The VertiBird was first introduced by Mattel in 1971 and quickly became a must-have item on every boy’s Christmas list. A small helicopter, spinning blades and all, was attached by a rod to a circular base and controlled by a series of levers that allowed young pilots to control altitude, direction and speed as they set out to complete various missions and rescue operations. These missions involved using the VertiBird’s attached hook to pick up assorted plastic items that were included in the collection of themed sets – such as the “Astronaut Rescue,” “Airborne Rescue Mission” or glow-in-the-dark “Night Patrol” sets.

Many imaginative kids would experience the misfortune of assuming that the VertiBird could pick up other things besides the lightweight plastic accessories that came with the toy. But those accessories were lightweight for a reason – the ol’ VertiBird didn’t have a whole lot of power. Try to rescue GI Joe and you were likely to bend the arm connected to the base, rendering the craft inoperable. And even if one took care to not tax the VertiBird’s lifting power, many a helicopter was prematurely decommissioned from service by being left out at night, only to be grounded after being stepped on. The VertiBird was a fragile beast, truth be told, and few made it out of childhood unscathed, making a working unit a valuable collectors item today.
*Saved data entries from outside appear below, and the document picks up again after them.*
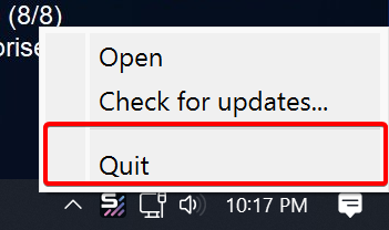 - Schließen Sie SignalRGB. Klicken Sie mit der rechten Maustaste auf das Symbol in der Taskleiste und wählen Sie Beenden.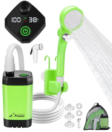 WADEO Uppgraderad Bärbar Dusch, Campingdusch med Uppladdningsbart 4500mAh Batteri & Sjunkande Bottendesign, Utomhusdusch med Intelligent Digital Display, Perfekt för Vandring, Hunddusch och Biltvätt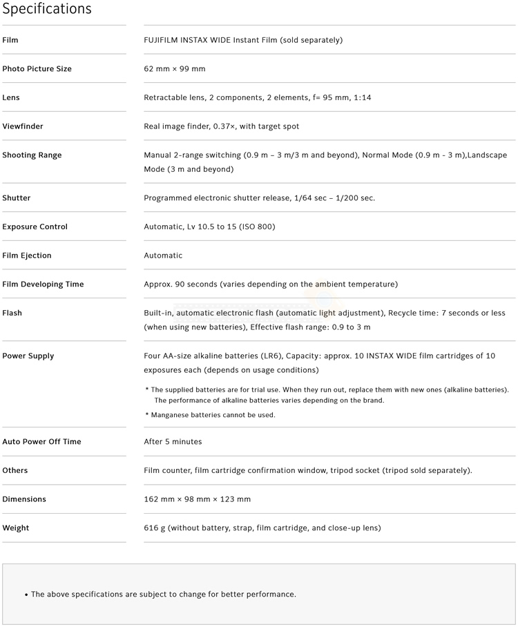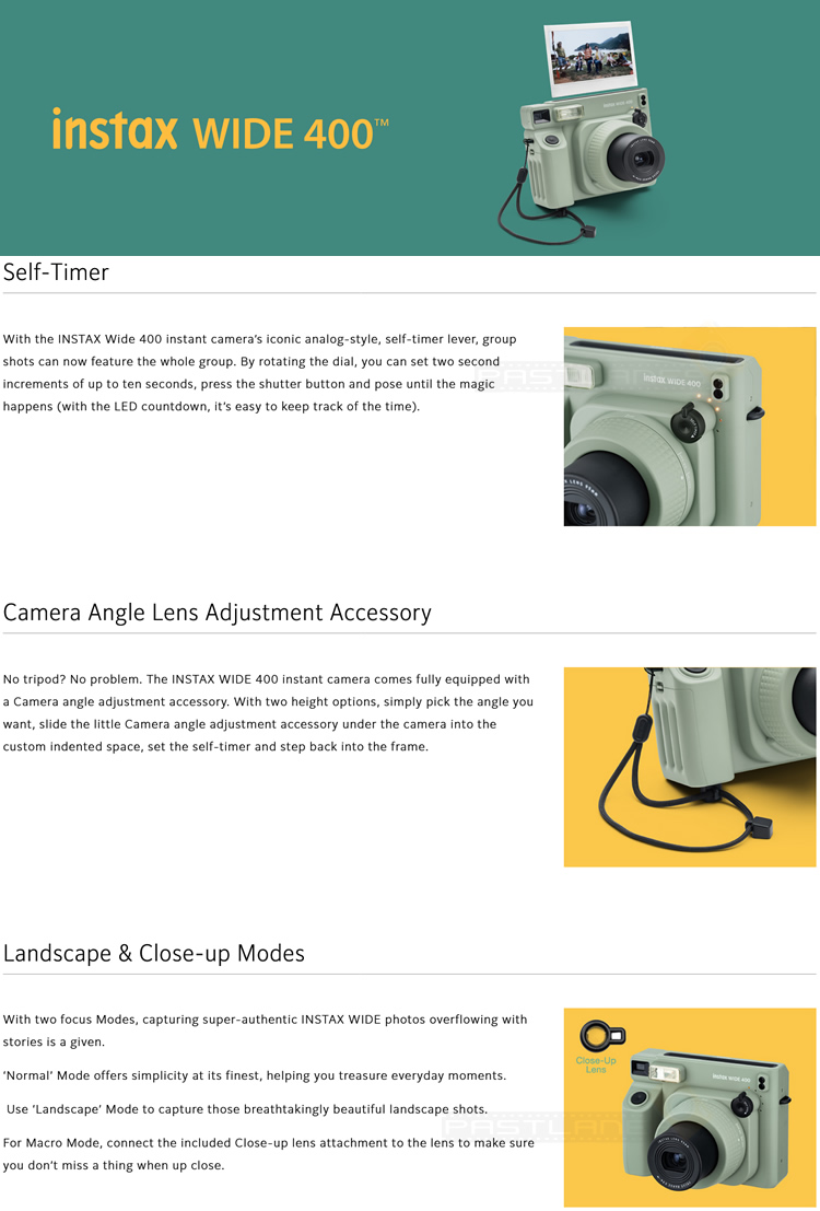 The INSTAX WIDE 400 Instant Camera, a reimagined WIDE format instant camera that lets you explore all things wide. Featuring Automatic exposure and Flash control, the INSTAX WIDE 400 Instant Camera takes high-quality images, while you focus on filling the wide frame to perfection.

In the late 70s, Mattel issued a Battlestar Galactica version of the VertiBird but the toy’s days were numbered and by the next decade, the beloved VertiBird was but a mere memory. Just about every other toy company would issue their own version over the next decade (Remco even issued a Star Trek version, complete with circling USS Enterprise) but none had the everlasting charm of the original. Finally, in 2000, the Phoenix rose again when Jasman Toys introduced a replica of the original that not only fetched little plastic accessories, but also respectable prices on Ebay. An original working VertiBird, on the other hand, can be worth around $250 bucks or more, assuming it is in good condition and has all of the accessories intact.
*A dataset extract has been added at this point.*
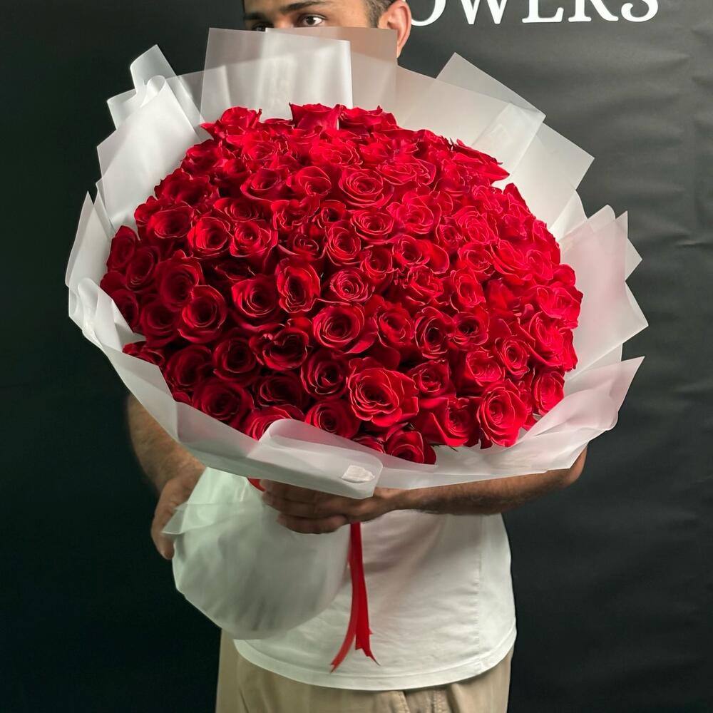 ❤️ A Hundred Ways to Say “I Love You” ❤️ Make a bold, unforgettable gesture with our luxurious bouquet of 100 premium red roses — the ultimate symbol of passion, romance, and timeless love. Whether it’s an anniversary, birthday, or just because, this bouquet speaks louder than words. 💐 Wrapped with elegance, delivered with love.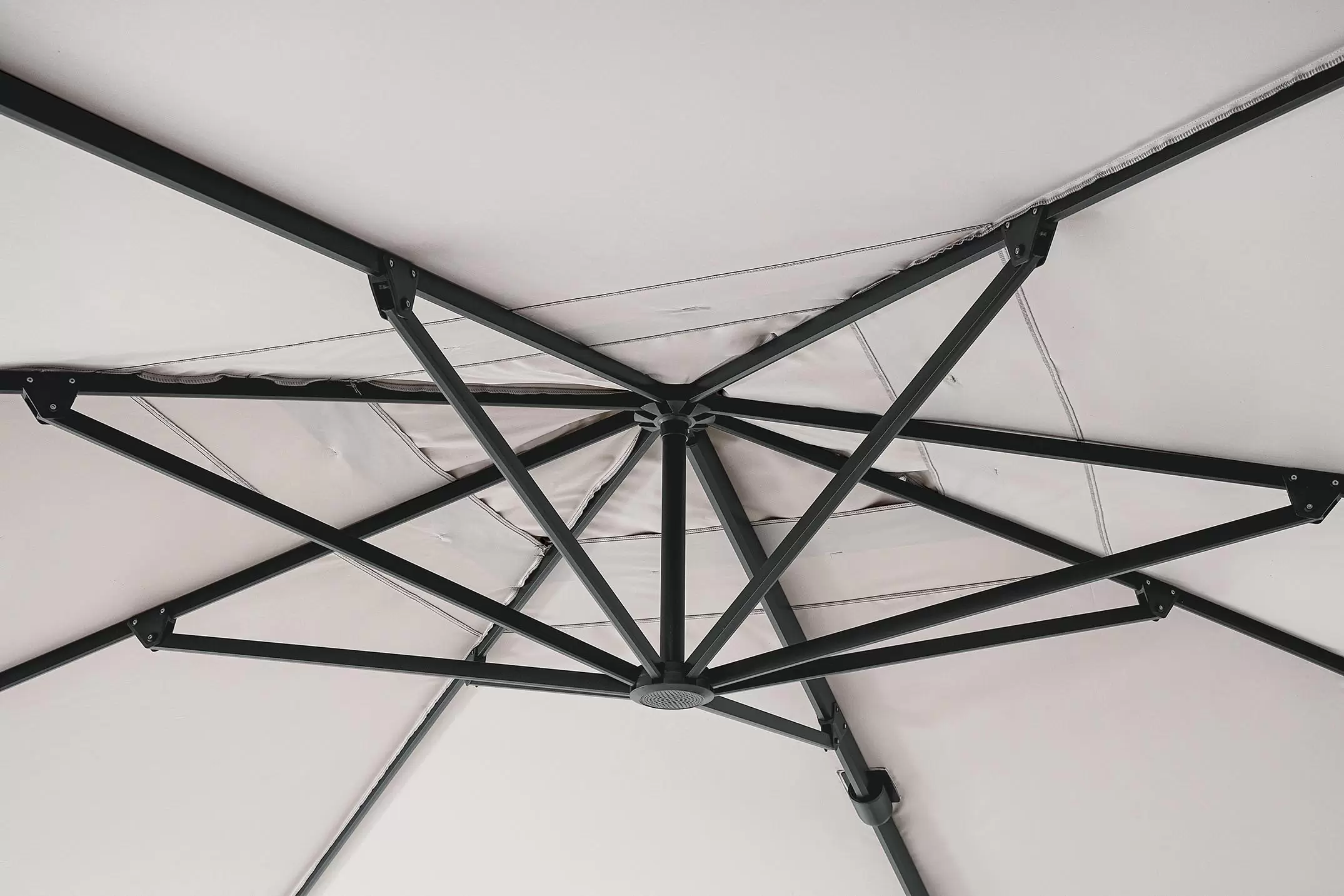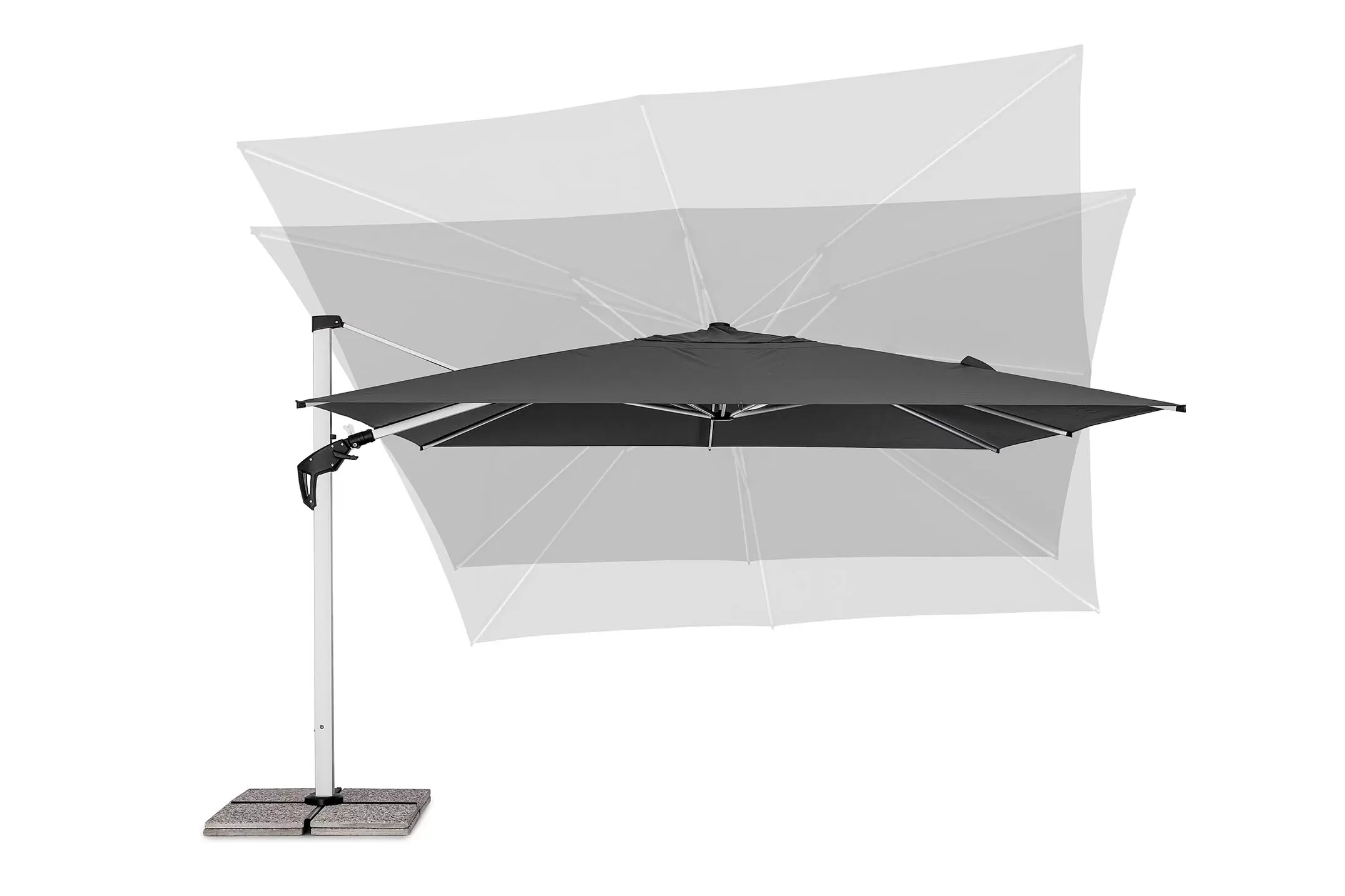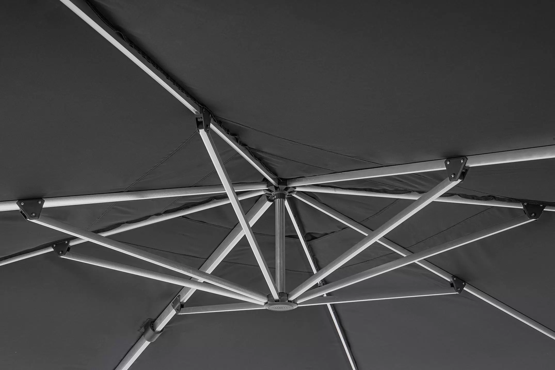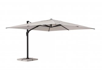 Parasol Ariel 3x3 to doskonała opcja zarówno do ogrodu, jak i na taras. Posiada on ramę wykonaną z aluminium i poszycie poliestrowe o gęstości 250 g/m2 rozpiętą na ramionach. Czasza parasola może być obrócona o 360° wokól osi pionowej słupa lub zmienić kąt płynnie w 2 płaszczyznach.

It would seem that every child of the 70s still holds fond memories of this little helicopter that could. Long before RC vehicles would take over the market, it was a once-in-a-lifetime opportunity to earn your wings and soar in endless circles – just like the news helicopters of the future.

If you have fond memories of piloting a Vertibird, or if it was one of those things that you always dreamed of owning, we hope you will share all of your recollections of this unforgettable toy in our comments section.

9 Responses to “VertiBird”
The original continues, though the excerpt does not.